(Extracted data entries)

-=-=-=-=-

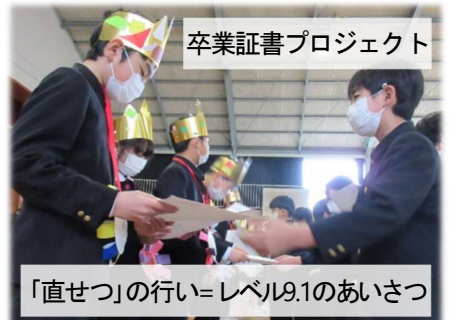
卒業証書プロジェクト
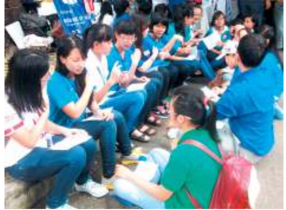
SV thể hiện bài hát bằng NNKH.
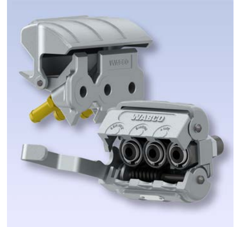
Neue WABCO TrioMatic Kupplungen
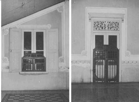
Gambar 3. Jendela dan pintu pada ruangan Seketheng

finishing cat warna krem/kuning gading. Pada bagian atas pintu juga dipasang cornice kayu finishing cat warna krem. Bagian bawah cornice kayu terdapat lobang angin dengan motif ukiran ornamen flora .
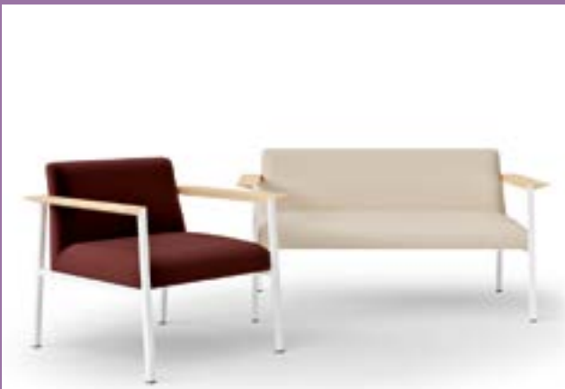
Lounge and conference chairs

-=-=-=-=-

Write out each line above with the word "pintu".

*WRITTEN REPLY*.
Gambar 3. Jendela dan pintu pada ruangan Seketheng
finishing cat warna krem/kuning gading. Pada bagian atas pintu juga dipasang cornice kayu finishing cat warna krem. Bagian bawah cornice kayu terdapat lobang angin dengan motif ukiran ornamen flora .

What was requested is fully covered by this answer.